Am ersten Tag erscheint uns der Ort zunächst noch ein bisschen frisch und verlassen, tags darauf dann klettern wir zusammen mit einer Gruppe Locals, das Wetter – nach Ende des Sturms wieder normal für die Saison – ist in der Sonne sehr warm und im Schatten perfekt kühl zum Klettern. Ich entdecke eine zweite schwere Linie, deren leicht überhängende Wandkletterei aus perfekten, winzigen Löchern auf farbigen Gestein mit zum Besten gehört, das ich bislang unter den Fingern hatte.

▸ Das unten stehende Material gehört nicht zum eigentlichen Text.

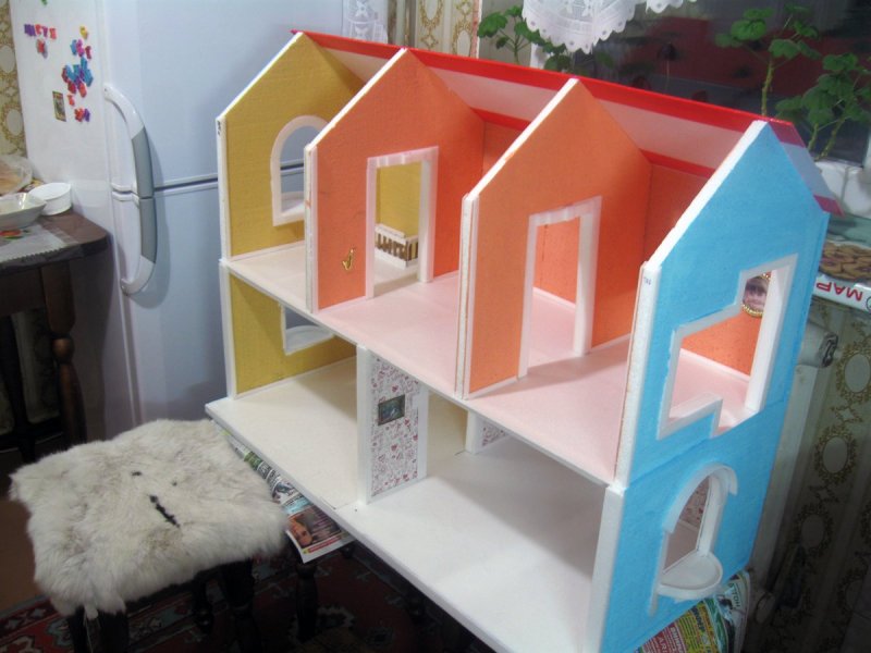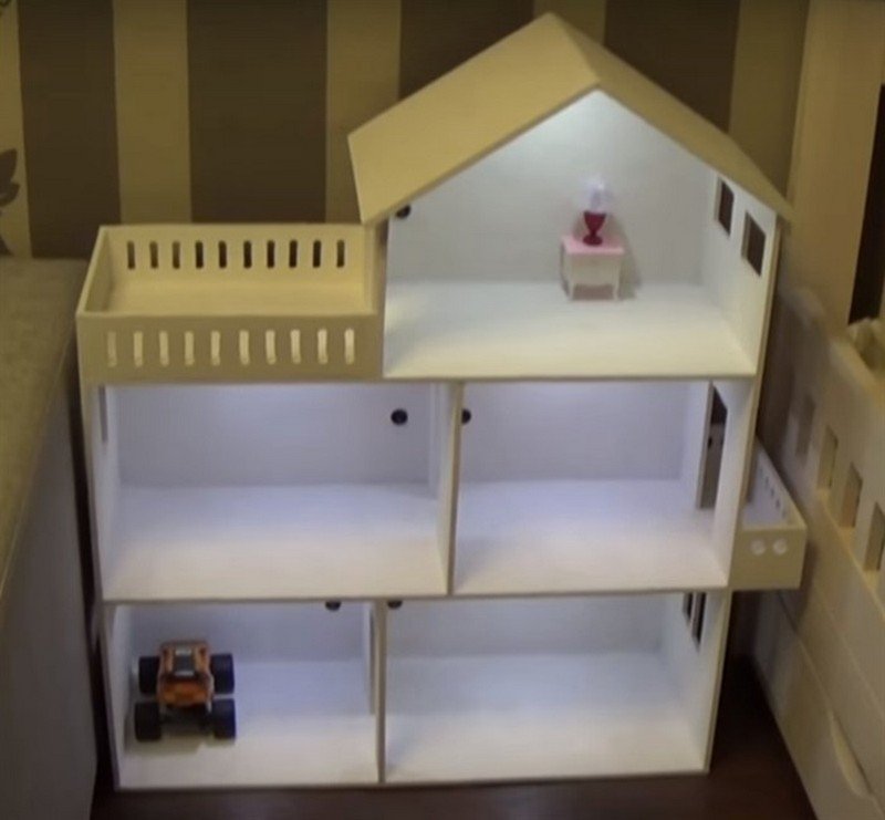 Взрослые забывают детские мечты. Особенно девушки, которые в детстве представляли свое идеализированное будущее. Кто-то мечтал о красоте, пении, красивых вещах, другие представляли свою взрослую жизнь в достатке, окружении счастливых детей, с внимательным мужем в большом светлом доме. Но все они мечтали о своем игрушечном домике, который позволит воплотить задуманное. Поколения приходят на смену друг другу, но желания девочек остаются неизменными. История появления игрушки насчитывает десятки веков. Известны экземпляры, найденные в Египте, которые относятся к существованию государства до н. э. В Европе такие изделия были доступны лишь богатым семьям, но со временем все изменилось. Сейчас в детском магазине есть все что угодно, от классической Барби до персонажей любимых мультфильмов, которые могут проживать даже в замках. Однако, неприлично высокая стоимость таких конструкций может удивить родителя. Но, не стоит огорчаться, порадовать своего ребенка можно игрушкой, сделанной собственноручно. Содержание Преимущества изготовления домика своими руками Составление проекта Форма, этажность и размер дома Материалы для строительства кукольного домика Фанера Дерево ДСП Ламинат Гипсокартон Пенопласт Картон Домики из старой мебели Домик из картонной коробки Домик-сумка из ткани Варианты наружного оформления Преимущества изготовления домика своими руками Любая поделка, особенно созданная для своих детей, наполнена теплом, обладает сильной энергетикой, приносит радость малышу. В процессе работы проявляется индивидуальность, творческие способности. Можно собрать всех членов семьи, с удовольствием провести время в окружении своих близких. Итак, рассмотрим преимущества саморучной конструкции: Эксклюзивность, оригинальность. Домик будет отличаться тем, что это единично произведенный предмет искусства. Такого больше не будет ни у кого. Компании, производящие фабричные изделия, делают их специально с деталями, которые их портят, или конструкцию неприемлемую в целом, но с очень привлекательными компонентами. Это делается намерено. Идеальные игрушки, имеющие совершенный вид, отличаются невероятно высокой стоимостью; Всегда в моде. Своеручный продукт никогда не утратит своей актуальности. Он не зависит от рекламы. Хорошая вещь будет долго нравиться владельцам; Полет фантазии. При создании домика можно воплотить любые пожелания ребенка. Он может быть настольным, достигать человеческого роста. Иметь этажность, разное количество комнат, окон, предметов интерьера; Экономия домашнего бюджета. Кроме приятного времяпровождения, собственноручный домик позволит сохранить средства. Ребенок должен участвовать в изготовлении домика. Он всегда подскажет, что бы хотел видеть, чего ожидает от создаваемой конструкции. Кроме того, он будет больше ценить собственноручную игрушку. Составление проекта Домик – заветная мечта многих девочек. Он предоставляет возможность хорошо отдохнуть, поиграть с друзьями, воплотить детские желания. Работа по созданию изделия начинается с вопроса о том, как сделать кукольный домик своими руками, какие материалы использовать, определится с размерами. Для этого создают проект будущей конструкции. Он заключается в переносе замысла на бумагу. Должен соответствовать определенным требованиям: Функциональ
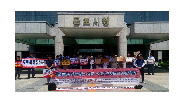 경기도의회 부의장 정윤경 도의원(더불어민주당, 군포1)은 10일(목) 군포시청 앞에서 열린 ‘군포 발전 가로막는 시흥-수원 민자도로 사업 반대 기자회견’에 참석해 “군포 시민의 동의 없는 개발은 있을 수 없다”라며 사업의 전면 재검토를 강력히 촉구했다. 시흥-수원 고속화도로 사업 반대.. (1) 이번 기자회견은 해당 사업은 군포시의 미래 발전 가능성을 가로막고, 시민의 건강과 안전을 위협하며, 재산권을 침해…
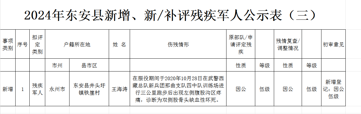 2024年ray雷竞技官网入口新增、新/补评残疾军人公示表(三)
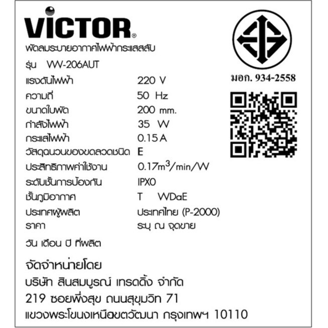 Victor พัดลม ระบายอากาศ 8 นิ้ว สำหรับติดปูน/ติดไม้ รุ่น VW-206AUT สีขาว รับประกันมอเตอร์ 3 ปี พัดลมดูดอากาศ วิคเตอร์
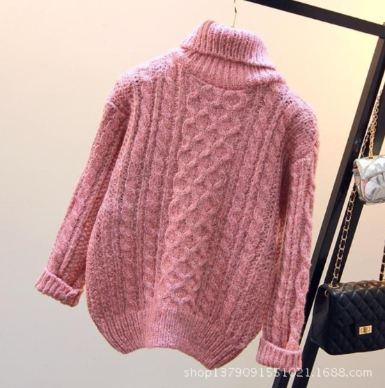 秋冬季韓版麻花高領套頭毛衣外套加厚保暖打底針織衫寬松女款批發 /
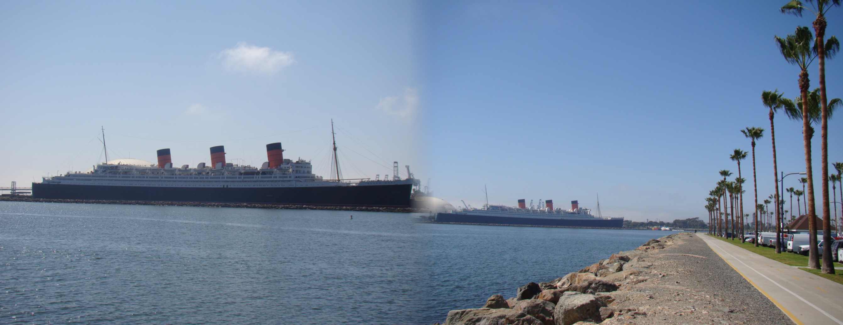 Em Long Beach vimos o lendário navio Queen Mary, uma espécie de navio irmão do Titanic. Ele está ancorado ali desde de 1967 e hoje é um hotel flutuante e famoso por ser mal assombrado. Na sala de motor tem o fantasma de um homem que morreu esmagado. Muitos visitantes já viram ali um fantasma de macacão azul andando perto da porta, fantasmas de mulheres com maiôs da moda antiga foram vistos várias vezes na piscina. Trilhas de pegadas molhadas também foram vistas, apesar da piscina estar vazia. Uma mulher de branco já foi vista várias vezes dançando sozinha no salão. Além do fantasma pianista que arrepia os visitantes do navio com suas notas assustadoras.
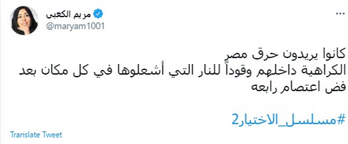 قالت الكاتبة والإعلامية مريم الكعبي، اليوم، إن جماعة الإخوان كانت تريد حرق مصر.
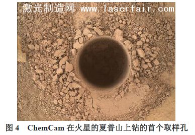 自2012年8月以來,好奇號火星車已經探測到火星土壤和巖石,通過一個稱為ChemCam 的儀器將30mJ激光脈沖持續5ns聚焦到一個亞毫米點上(見圖3)。它使用一個鉀鎢酸釓[Nd:KGd(WO4)2或Nd:KGW]摻釹棒,因為其廣泛的溫度范圍。激光脈沖燒蝕材料表面并進行激光誘導擊穿光譜(LIBS)上的斑點高達7m的距離。

Und am Abend hat man uns bereits einen einheimischen Kletterer mit Bohrmaschine vermittelt, denn neben den bestehenden Linien warten vor allem im oberen Segment noch so einige schwer glaubhaft zu machende Linien auf die ihnen zustehenden Haken.

Dazu das breite Angebot an landschaftlichen Besonderheiten in der Umgebung und die Möglichkeit auf 2400m Höhe nach San Pedro abzusteigen, wann immer gewünscht oder gebraucht, lässt sich in uns den Eindruck verdichten, am ersten Ort dieser Reise gelandet zu sein, an dem eigentlich alles passt. Ein sogenanntes Paradies. Wie Gjerdalen 2013 in Norwegen, Parkachik 2015 in Indien oder Piedra Parada vergangenes Jahr in Patagonien…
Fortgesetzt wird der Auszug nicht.